I am proud to say I am a very organised person; I live and breathe by my diary, for both my work and personal life and I have a to-do list for just about everything. Whether it is at home or work, everything has its own place so I know exactly where to find what I need, when I need it. I'm not so proud to admit that my organisational skills have developed into somewhat of an obsession. It's not so uncommon to find myself being likened to Monica from Friends; surely it cannot harm to have your DVDs arranged alphabetically by genre, or have a small panic attack over something being filed incorrectly.
Unfortunately, I cannot boast the same level of skill in time management. As much as I have a plan for everything, sticking to timescales is somewhat challenging. I frequently arrive for appointments on the dot, and as I try to cram my entire to do list into one day, I often find that I don't account for the unexpected. Recently I attended a fantastic professional development course delivered by Landers Associates.
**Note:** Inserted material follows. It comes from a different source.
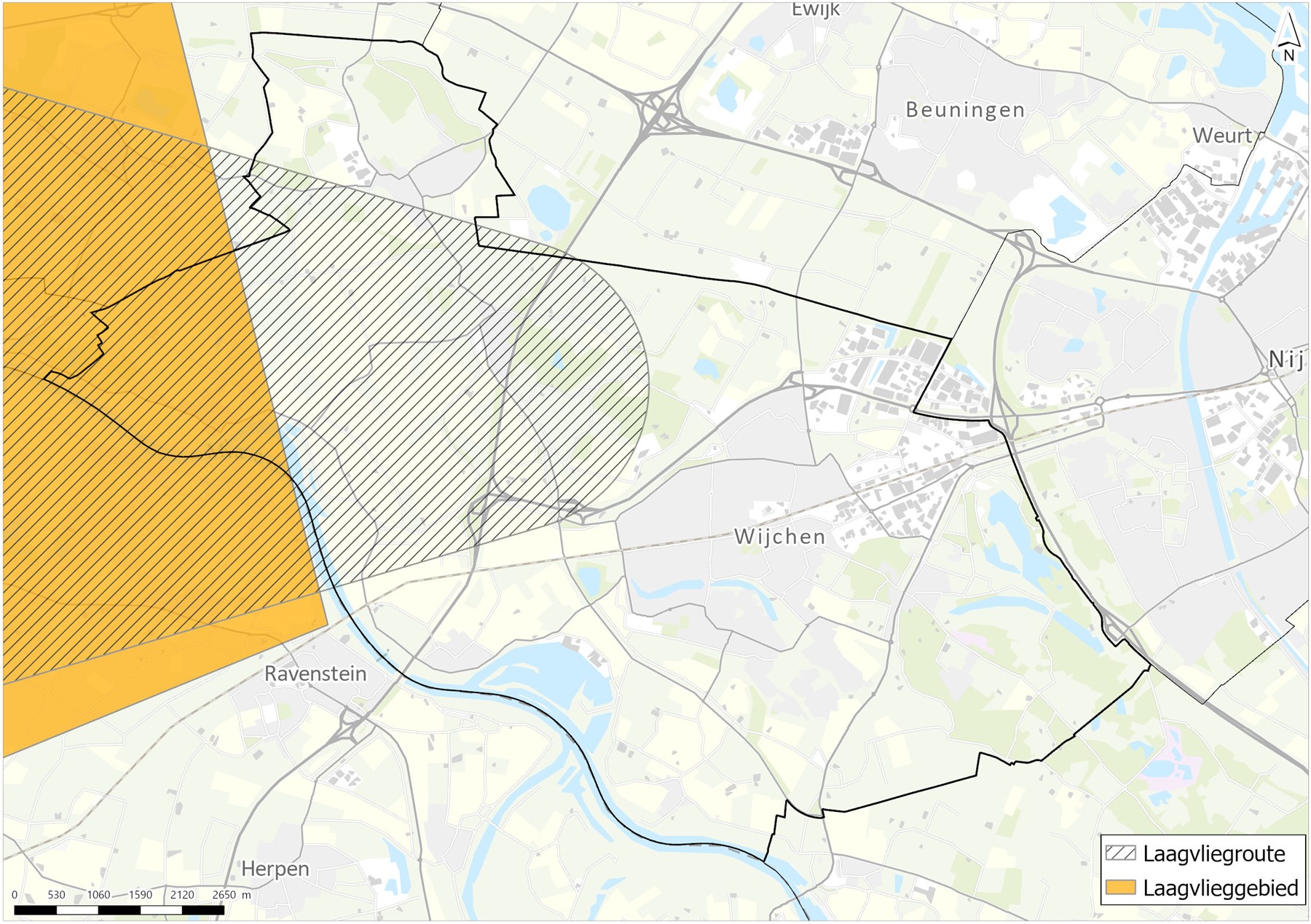 In het westen van de gemeente loopt een laagvliegroute voor training. Deze laagvliegroute wordt zo’n 20 uur per jaar gebruikt. Deze route is uitgezet aan de hand van punten met een buffer eromheen.

One of the key trends which came up time and time again was time management.
Some useful tips on how to plan and stick to it:
Use a diary - electronic or paper
Plan a to-do list in advance
Set aside contingency time - the unexpected is inevitable and unavoidable
Try to be productive first thing in the morning - the time we usually use to plan, prepare and ease ourselves in can be extremely valuable
Learn to delegate - establish if the task is your responsibility, if not don't overburden yourself
The benefits of being organised and managing time effectively can be seen not only in a professional capacity, but in a personal one too. It can free up more time to do the things we enjoy. After all, wouldn't you rather leave the office on time, knowing your day has been productive - or stay late and leave with the weight of tomorrow on your shoulders. For some lucky ones, these skills comes naturally, for others they are developed. Either way, always remember the age old saying... fail to plan, plan to fail.